Avec une baisse de la demande aussi importante, la quantité de pétrole stockée a augmenté rapidement aux États-Unis et dans le monde entier. Les prix des marchés de l’énergie sont fixés en fonction de la localisation. Le centre de Cushing, dans l’Oklahoma (où les réservoirs de stockage appartiennent à diverses sociétés intermédiaires et à des sociétés de pipelines) est le centre de stockage de pétrole commercial le plus important des États-Unis, avec une capacité estimée à 76,1 millions de barils de pétrole. La semaine dernière, Cushing a atteint 55 millions de barils en stockage et connaît une croissance de près d’un million de barils par jour. À son rythme actuel, ils devraient être pleins à la mi-mai. Les stocks de pétrole américains au-delà de Cushing ont augmenté de 50 millions de barils au cours du mois dernier.

Ce mois-ci, il semble qu’il n’y ait pas d’acheteurs pour le contrat de mai, qui expire le mardi 21 avril. Les prix se sont effondrés, passant d’environ 18 dollars le baril le 17 avril à -37,63 dollars le baril, parce que les négociants n’ont pas pu trouver de raffineur ou de réservoir de stockage capable de prendre livraison. Si vous avez 100 vendeurs et seulement une poignée d’acheteurs, les prix vont chuter. Sur les marchés de l’énergie, où les systèmes physiques ne peuvent pas être facilement arrêtés, les prix peuvent devenir négatifs pour inciter les fournisseurs à cesser la production. Dans ce cas, les négociants payaient les quelques sources de demande qui se présentaient pour prendre leur contrat de pétrole.

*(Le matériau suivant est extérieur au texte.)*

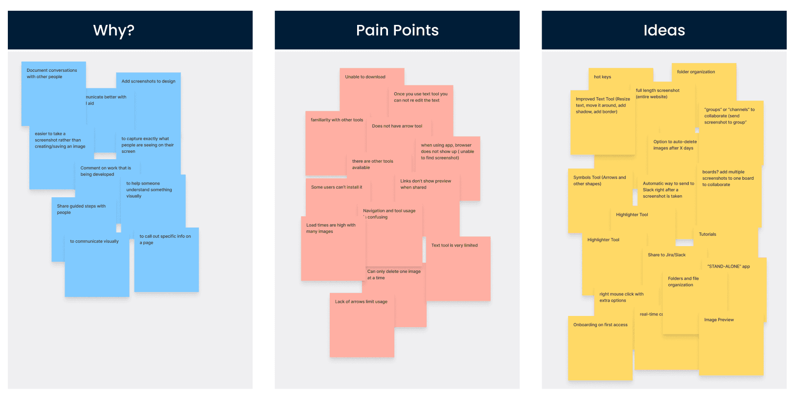 After the interviews, it was time to dissect our findings. I set up a few card sorting sessions with my PM to clearly organize our findings and help us map out the path to designing.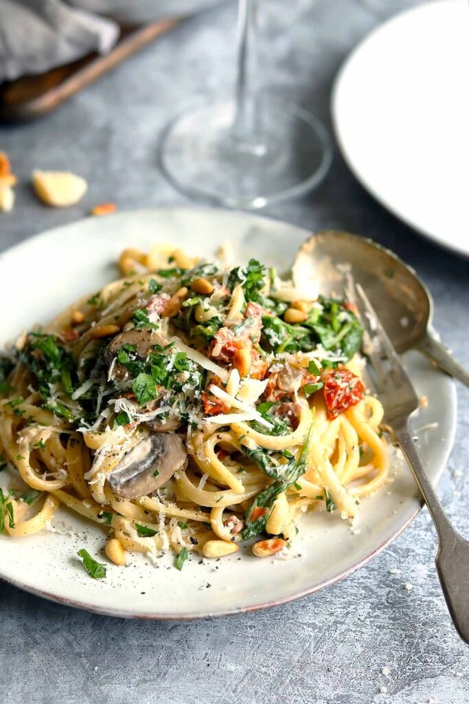 - Add the cooked pasta to the pan with the creamy spinach mushroom sauce.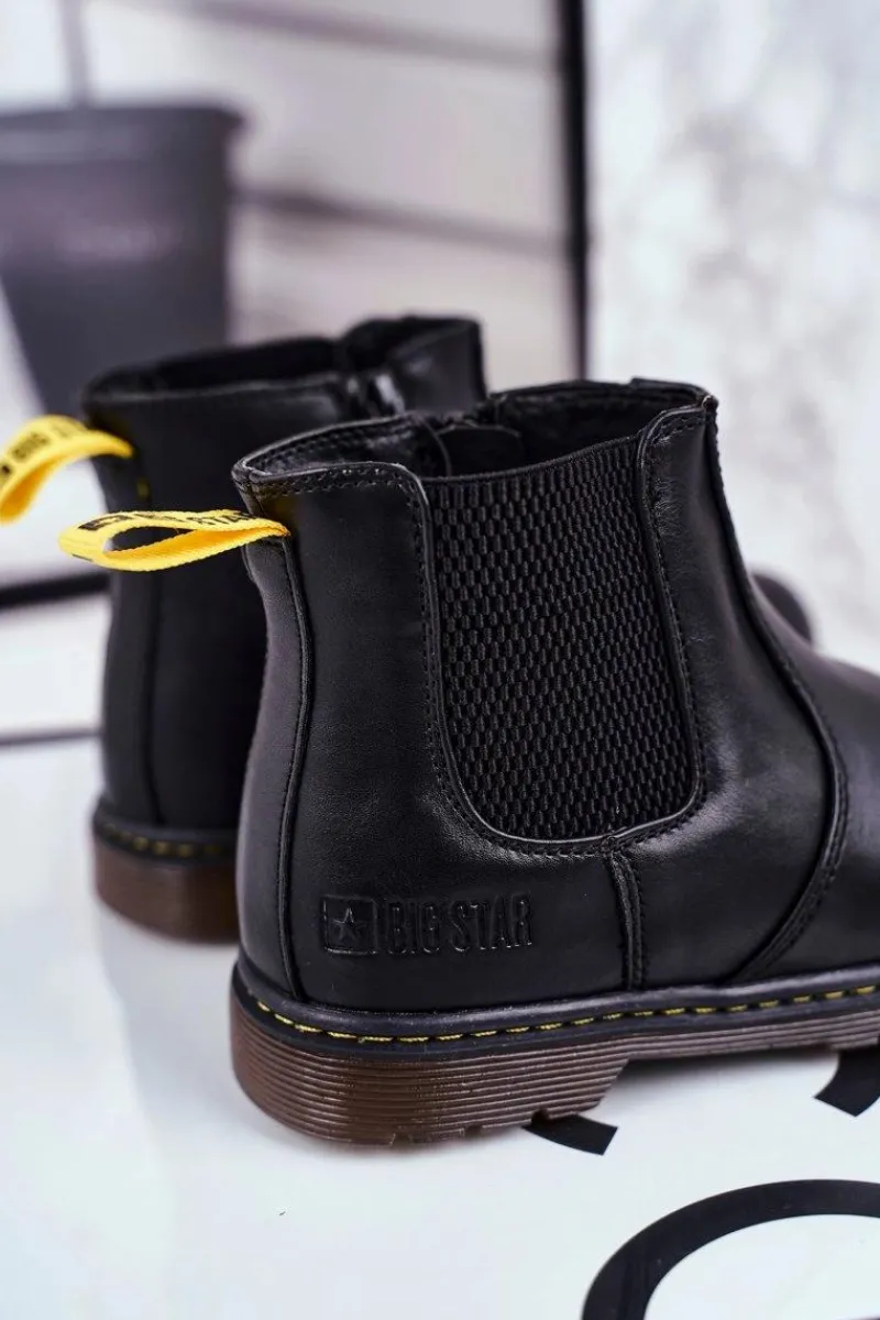 Best Big Star Shoes Skórzane Ocieplane Botki Workery Damskie Big Star OO274A387 Czarne

Si les négociants n’ont pas pu trouver de stockage pour les livraisons de pétrole du mois prochain, même à des prix négatifs insondables, il est probable qu’il y aura de sévères limitations de stockage pour le mois de juin et au-delà. À moins que la demande de pétrole ne revienne rapidement, les prix risquent de s’effondrer à nouveau afin de pousser les producteurs de pétrole à arrêter la production. Appelée « fermeture », la réduction de la production peut être coûteuse et peut endommager les puits de pétrole. Les économies locales des États producteurs de pétrole connaissent déjà d’importantes pertes d’emplois et des réductions de l’assiette fiscale, et pourraient même en subir davantage.

De même, une production beaucoup plus importante que la demande pourrait submerger le stockage de pétrole au niveau mondial et faire baisser les prix du pétrole à des niveaux sans précédent dans le monde entier. Déjà, au Canada, les prix du pétrole sont constamment proches ou inférieurs à 10 dollars le baril. De nombreux pays exportateurs de pétrole dépendent des exportations de pétrole pour faire tourner leur économie et risquent de subir des bouleversements économiques.

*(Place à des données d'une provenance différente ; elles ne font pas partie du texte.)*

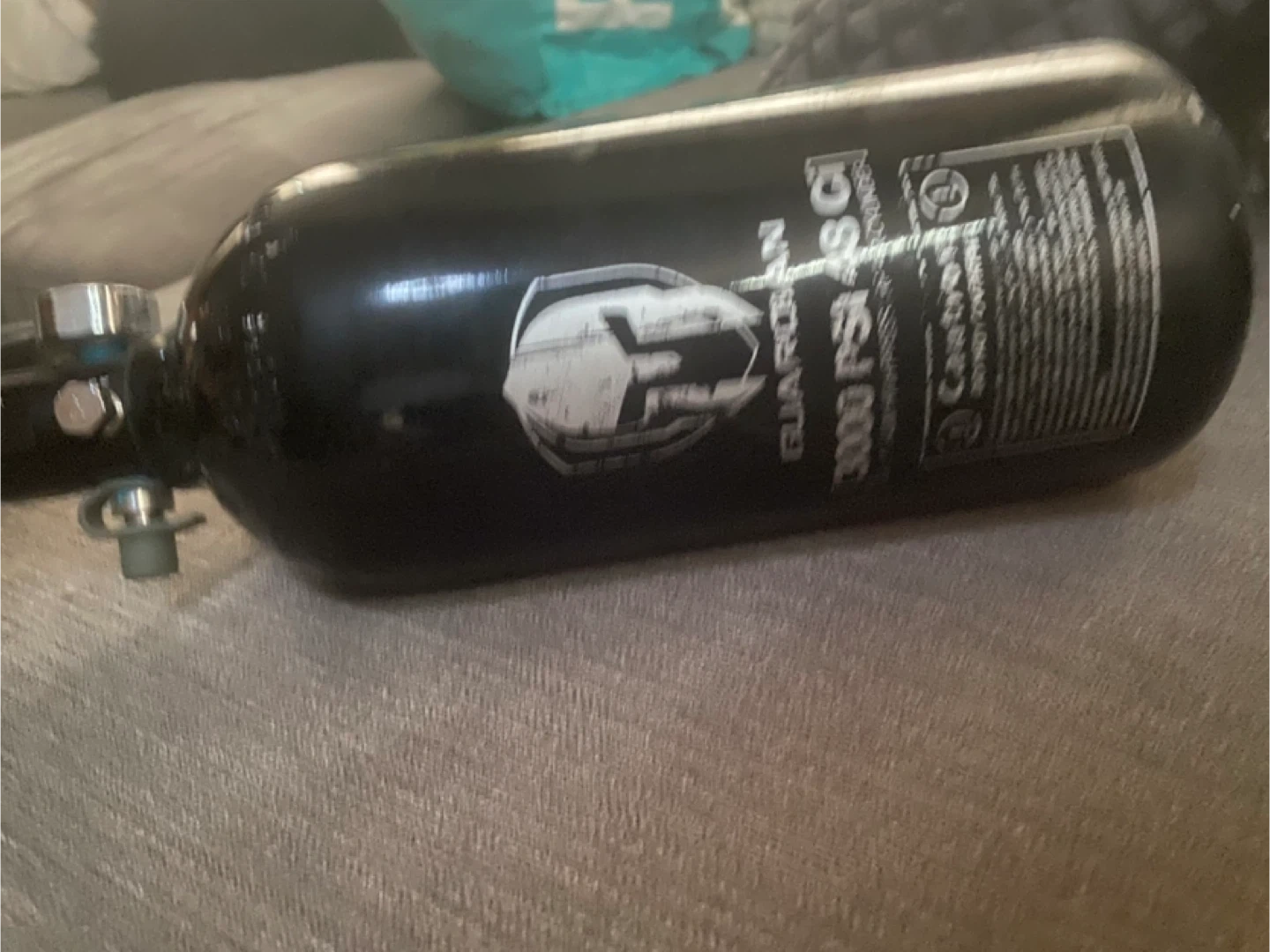 This is a Carbon-FI Guardian air tank, rated for 3000 PSI. It's made of carbon fiber and comes with a regulator. This tank is used for paintball or airsoft applications also selling my tippman A5 market and the paintball heavy duty vest all together let me know ! Used everything about 3 times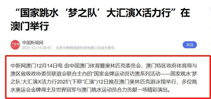 巧合的是,在第二天也就是12月12日,在中国澳门还有一场“金牌运动员访澳系列”的活动。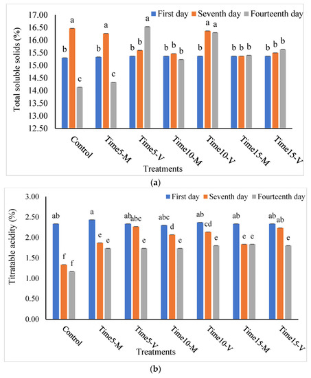 The effect of different treatments showed that the highest TSS was found in 10 and 5 min US-VP with the amount of 16.01% and 15.83%, respectively, which had a significant (p < 0.01) difference compared with the other treatments (Table 3). The effect of storage time indicated that the highest TSS (15.86%) was observed on the seventh day with a significant (p < 0.01) difference compared with the other days (Table 3). The interaction effects of different treatments and storage time showed that the highest TSS was found in the control on the seventh day, 5 min US–passive MAP on the 7th day, 5 min US-VP on the 14th day, 10 min US-VP on the 7th and 14th day (Figure 3a).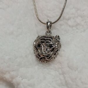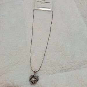 This stunning silver necklace from Fashion Jewelry showcases an intricately designed pendant with a vintage-inspired, oxidized finish. The detailed metalwork creates a captivating, three-dimensional effect, making it a unique addition to any jewelry collection. Its elegant design and monochromatic silver tones ensure it complements a variety of styles and occasions.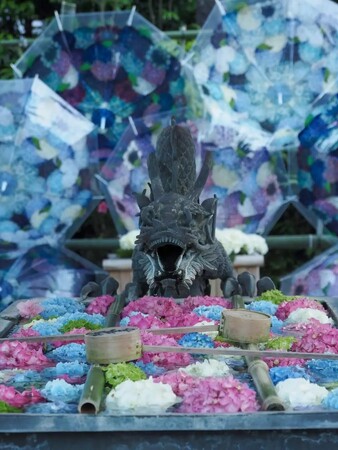 柳谷観音 楊谷寺からのメッセージ:昨年好評をいただきました“花手水”や境内を「紫陽花傘」が今年も彩ります。花手水発祥の地としての当山は、新たな文化として根付くことを目指しています。癒しの観音さま、そして花々が皆さまをお待ちしております。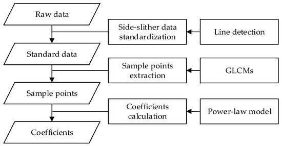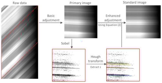 To ensure the accuracy of subsequent processing, the raw side-slither data standardization based on the linear features was performed to ensure that each line had the same feature. The important process of obtaining highly accurate coefficients [25] can be divided into two main steps: basic adjustment and enhanced adjustment.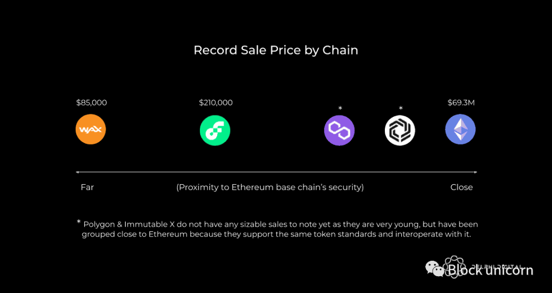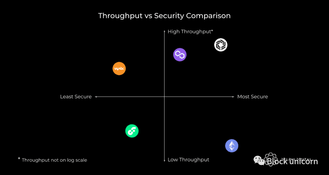 需要强调的是,不同 L1 的安全性差异很大,以太坊相对于其他 L1 而言要优越得多。Immutable X 使用StarkWare的最新前沿缩放技术构建,是唯一显示的真正的第 2 层 (“L2”) 技术。这使它能够提供比第 1 层以太坊高几个数量级的吞吐量,同时拥有与其相似的安全性。Polygon PoS、Flow和 WAX(建立在 EOS 的第 1 层上)提供较弱的安全保证。我们应该注意到,Polygon 确实有一个实时 Plasma 实现,可以将其视为具有更好安全保证的第 2 层解决方案。但是,它目前不支持任何 NFT(尽管将来会支持),这就是我们在这篇文章中忽略它的原因。相反,我们将专注于他们的 PoS 链。Polygon 还计划在未来支持其他 L2 解决方案,例如 Optimistic 和 ZK Rollups。同样,由于这些尚未上线,我们选择在此分析中忽略它们。虽然时间线不确定,但如果/何时 Polygon 增加对汇总的支持,从安全性和吞吐量的角度来看,它会将其置于与 Immutable X 类似的位置,具体取决于它们的实现。如果您有兴趣了解有关 Polygon 的更多信息,我们建议你打开下面链接链接: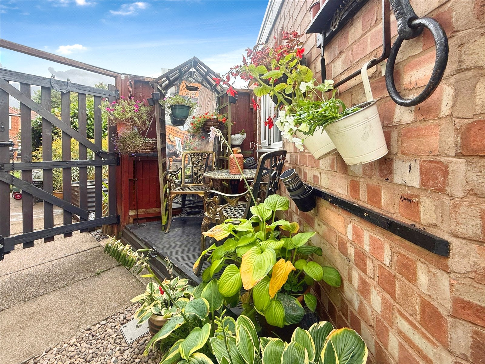 The outdoor space is equally appealing, with a private rear garden that provides the perfect setting for relaxation. Established planting, and paved areas make it versatile and easy to maintain, while an outbuilding offers further storage options. To the front, the large driveway provides parking for multiple vehicles and leads to a garage.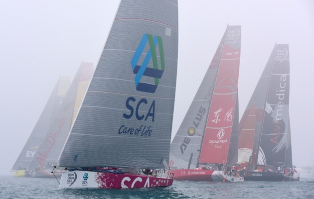 While light winds may have been expected for the start of Leg 3 of the Volvo Ocean Race from Abu Dhabi to Sanya, China, the fog came as a surprise. The reduced visibility made getting around the closed course part of the start even more tricky as teams struggled to see the marks that they were supposed to be rounding.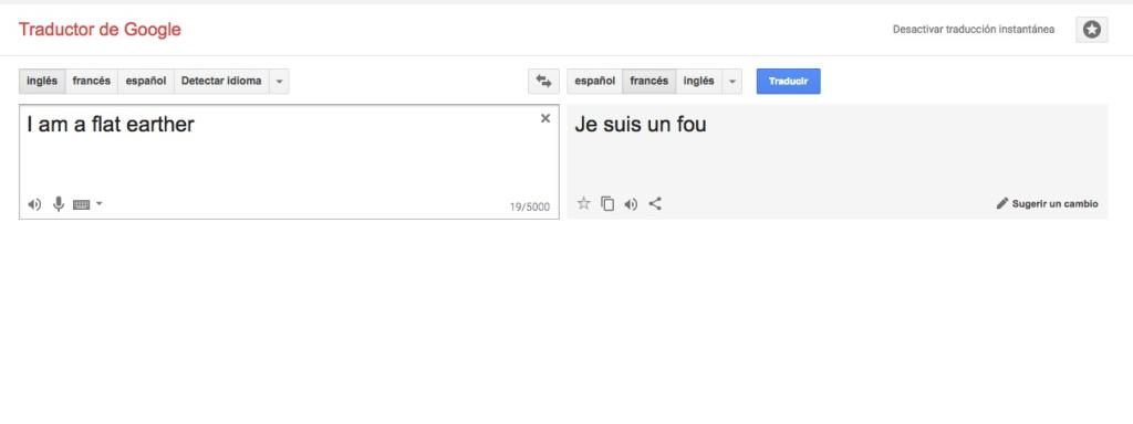 No sabemos si alguien en Google está realmente enfadado con la popularidad de estas ideas, pero lo cierto es que ha decidido dejar un bonito recado a todos aquellos que busquen en el traductor "soy un terraplanista". Solo funciona, que sepamos, de inglés a francés, pero el resultado es el siguiente: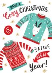 Vrolijke kerstkaart met kersttruien en de tekst: Have a cosy christmas & a fab new year!

Concrètement, l’effondrement du contrat de mai ne signifie pas que le pétrole est gratuit ou que vous pouvez être payé pour en prendre personnellement. Seul un petit nombre de contrats de mai se sont effectivement négociés à des prix inférieurs à zéro. La plupart du pétrole qui devait être livré à Cushing le mois prochain s’est négocié à des prix bien supérieurs à 20 dollars le baril. Les prix des contrats de juin et juillet restent supérieurs à 20 dollars le baril, tout comme les prix des livraisons internationales de pétrole. Néanmoins, les signes annonciateurs des marchés pétroliers à venir sont pour le moins inquiétants.